Она несколько секунд ожидала, не добавит ли бабушка еще чего-нибудь, но та молчала. Что ж, Любочка всегда знала, что воспоминания об умершей родами дочери для бабушки мучительны. А отец… Когда-то она расспрашивала о нем Олю, но тетушка сказала только, что он был мерзавец, сломал мамину жизнь и умерла она из-за него.
– Спокойной ночи, ба, – сказала Любочка и, когда та вышла, поцеловав внучку, выключила лампу.
И тут же главная радость сегодняшнего вечера вытеснила из ее мыслей все остальное, и улыбка оставалась на ее губах до тех пор, пока она не уснула, да и после этого тоже.
Не ожидал он, что все эти иконы так его взволнуют! В церковь не ходил – в гарнизонах церкви не предусмотрены, тем более он был полковник, партийный. Потом бизнесом занялся, вообще ни до чего стало, забот по горло. В общем, всегда считал себя равнодушным к божественным всяким делам – и вот поди ж ты…

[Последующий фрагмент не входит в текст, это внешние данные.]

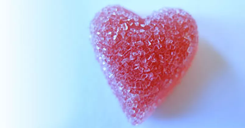 Kollegas redaktion gratulerar och skickar en ask geléhjärtan med posten.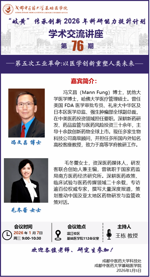 会议预告丨“岐黄”传承创新2026年科研能力提升计划学术交流讲座第76期 发布时间:2026-01-05 11:12:13 浏览次数: 次 【字体:小 大】 题 目:第五次工业革命:以医学创新重塑人类未来时 间:2026年1月7日 (星期三) 9:00地 点:温江校区基础医学院112会议室主讲人:冯文昌 美国 Macafex 咨询公司 毛冬蕾 上海汐潮信息技术有限公司主 办:科技处 基础医学院 【打印正文】 上一条:会议预告丨“致知·融智”生物医药系列学术讲座 国家自然科学基金申报专题第八期 下一条:学术成果丨beat365官网学者在川芎水稻轮作内在机制解析系列研究中取得新进展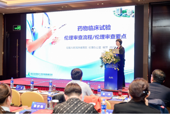随后,进行黑龙江省肿瘤药物临床研究联盟授牌仪式以及肿瘤药物临床研究第一届学术会议。张艳桥教授就临床研究的经验分享作主题报告,她以消化道肿瘤为例,分享对于患者招募、知情同意、患者筛选、患者管理、不良反应处理、疗效评估等各环节注意事项。张明辉副教授就抗肿瘤药物临床试验质量控制进行主题汇报,基于我国各项法律法规及自身经验,他详细介绍了临床试验的全流程质量控制管理,并强调质量是临床试验的生命,试验中一定要注意严格把控试验的合规性,数据的真实性,操作的规范性及记录的完整性。哈医大肿瘤医院伦理办公室柳萍主任就药物临床试验伦理审查流程、伦理审查要点进行分享,并结合各类审查的代表性案例,深入浅出地介绍伦理审查原则、审查流程、审查方式,使参会人员对伦理审查内容有了更深层次的了解。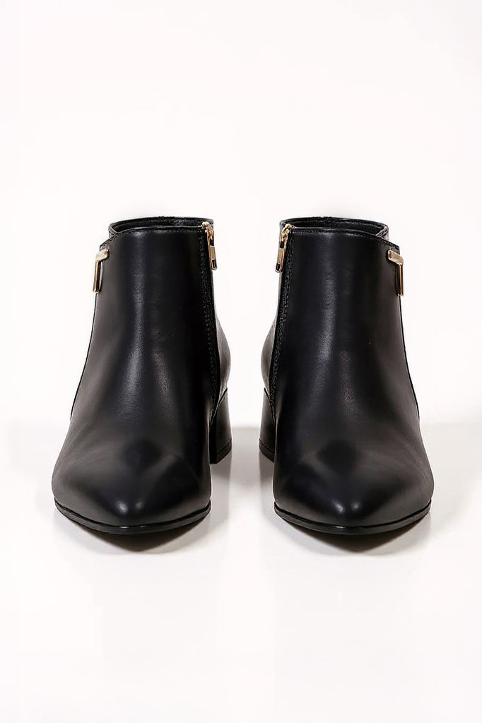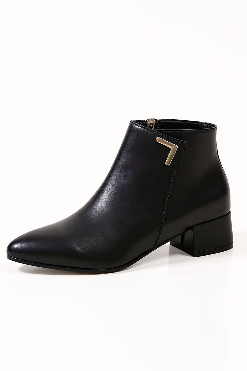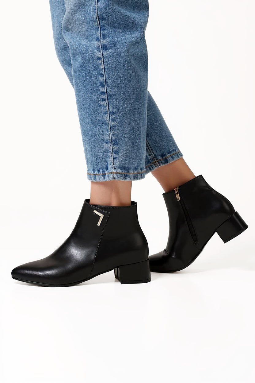 Women's Black Ankle Boots - Pointed Toe Block Heel

А ведь к складскому флигелю пришел злой как черт, потому что по дороге чуть не подрался с каким-то старым пнем. Кадровый тот, видите ли, военный, а ему тут какие-то бандиты-кровососы помешали лечение закончить! В драку бросался, за грудки хватал. Когда козлом обозвал, Петр не выдержал даже – вмазал ему как следует. За такие слова отвечать надо! И вообще, раз не сумел из дерьма выбраться и в новой жизни человеком стать, так ты никто, и звать тебя никак, и молчи в тряпку. Кадровый военный еще орал ему вслед угрозы, но Петр уже не обращал на них внимания – спешил на встречу с бывшей директоршей.
Лушка не поверила, что коллекцию он купил вместе с Ангеловым.
– Не может такого быть! – возмутилась она. – Это же государственные ценности!
– То-то государство ночей не спало, все про них думало, – хмыкнул Петр. – Давно ты за них отчитывалась?
– А я за них не отвечаю, – заявила Лушка. – Музей закрыт, они просто на складе у нас остались, а к санаторию отношения не имеют.
– А к чему имеют? – поинтересовался он.
– К Музею прикладного искусства. К московскому. Вот туда за разрешением и поезжай.
Надо было видеть, как вытянулось у нее лицо, когда Петр предъявил ей документ – какой положено, со всеми печатями. Для него было особенной радостью предъявить его именно этой чертовой бабе, которая когда-то заворожила отца и сделала несчастной мать, да и его, мальца, тоже.
– Чтобы государственную коллекцию непонятно кому продали?.. – проговорила Лушка.
– Я – понятно кто, – отрубил он. – Хозяин я. И все, что здесь есть, теперь мое. Ключи давай.
Она молча положила ключи от склада на его ладонь. И так же молча смотрела, как он входит в складской флигель, чтобы осмотреть законное свое имущество.